Saturday, October 11, 2008


Not long ago, we had a wonderful evening here at the monastery. We shared a meal with a gathering of long-time friends of our monastic community. Our Abbot, Francis Michael, wanted to express his gratitude to those who came, to thank them for their love and support. He spoke warmly about how much the community values their friendship and presence. I sat at a table and listened to Francis Michael as he spoke and looked about at the people at the other tables. I was asked to take pictures, and I got up a few times, taking some pictures. They came out well – I think I captured as best I could the kind and receptive expressions on the faces of those who listened to him. After one such stroll around the room, I returned to my place and noticed a strange light to my right and when I looked that way, I noticed a slight opening in a large curtain. Through the opening I saw the light – it was a brilliant blend of oranges and reds, purples and golds of the setting sun. I quietly excused myself and went outside to the cloister area and that was when I saw it. A gorgeous rainbow arched across the sky, seeming to begin or end in our lake area and stretching with an endless beauty toward our abbey church steeple. I took a few pictures and then headed back inside and returned to my place. Our night prayers were to begin in just a few minutes, and I knew I would go to them with a sense of gratitude for the evening. I also felt an excitement for having been able to photograph a rainbow.

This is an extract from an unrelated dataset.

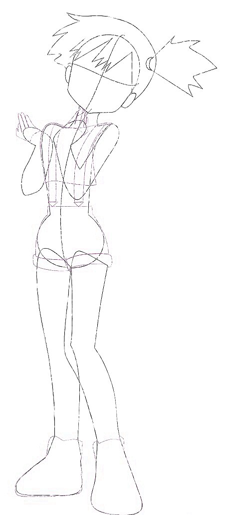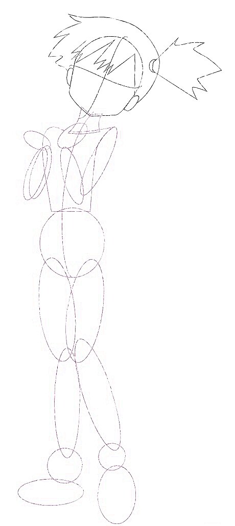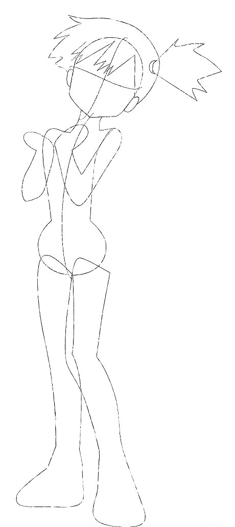 Now draw her body. Sketch first her neck then a trapezoid shape for the upper part of her body followed by a circle. For her arms and legs, draw a succession of ovals and circles copying the movement of her body. In this picture Misty is holding a Pokémon, so keep this in mind while drawing her arms and hands.

It is a safe bet that every person who has ever lived has been enthralled by rainbows. The rainbow enjoys a prominent place in folklore, mythology, in religious texts. It is a rainbow that God sends to let Noah know that the deluge was over and that his wandering on the flooded earth would come to an end. It is a rainbow that some have followed, hoping to find at its end a pot of gold. It is a rainbow that arches over the Emerald City when Dorothy sees it for the first time after a long journey in the classic tale “The Wizard of Oz.” Perhaps a common theme beneath such variations is that despite all the turmoil of life and amidst all its sorrow, something beautiful comes and we look up and take the hope that it offers – that God is leading us all somewhere. And every now and then he sends a sign. And so it is that we take heart in whatever comes that may promise something good. We gladly follow a yellow brick road, or the sight of land, or look real carefully for that pot of gold.
Rainbows are high and elusive. There is a song about the seeking of lasting good in this life being like chasing rainbows. Rainbows recede as we move toward them. And they do not last very long. They exist through a prism like crystallization of moisture and sun, or rain and light. When the sun shines through the rain, a rainbow appears.
We often look to brighten the rain of our lives through whatever light we can bring to those darker times, but we are not too adept at creating our own rainbows. We do not have that kind of artistry.
The Incarnation is the Word made flesh, the belief that something of God not only shown through a man but in fact lived through him. People all over the world have looked heavenward since the beginning of time for a sign of divine life or activity. The rainbow is one of many such portents or omens of God’s presence and artistry. The Incarnation brings the artistry of God very close to earth. A light shone among us, and it still shines. It shines in a special yet ordinary way.
I was happy when I walked back to the table that night, with my camera and the picture of the rainbow. I showed it to Jim, our business manager, and he smiled and said “All we need to find now is that pot of gold.” I looked about the room at the small gathering of those who were still absorbing the words of gratitude from Francis Michael. I saw smiles and expectancy on their faces, a thankfulness for his words and, presumably, for being a part of our monastic life.
I looked again at the small opening in the curtain but it was dark and the light was gone. And I am sure that the rainbow was no longer there, high in the sky. But I looked about at what remains of God’s presence in this world, right here in our monastery, in the lives of those in the room that night and in every person who comes to this place.
Later that night, it started to rain. I came up here to this third floor room where I am now, where I write. There was a lot of water on the floor and when I looked up at the ceiling, I saw the leak and the dripping of water. I called Augustine right away – he is familiar with the trouble spots in our many walls and ceilings, and he came up right away. He said it could be easily repaired. I asked him where the water came from since I knew that above this ceiling is an open space and he smiled and said, “You never know with the rain. It has its own way of moving through any crack it can find.”
And you never really know with God. The Incarnation is like a tiny opening through which God came to us, through the Yes of a young woman whose very body carried the Light of the world. And when we extinguished that Light through our own blindness, the Light became even more, and became a living part of Everyone. And it shines and shines, through what we know to be of love and hope and goodness. God finds a way to seep through the openings in our hearts. It cannot be fixed or stopped or rerouted. In time, the whole world will shine with Eternal Light. It will be like a rainbow coming to the ground, laying down a path for a path for everyone, the gold of God’s love within easy rich, his Light dancing at their feet.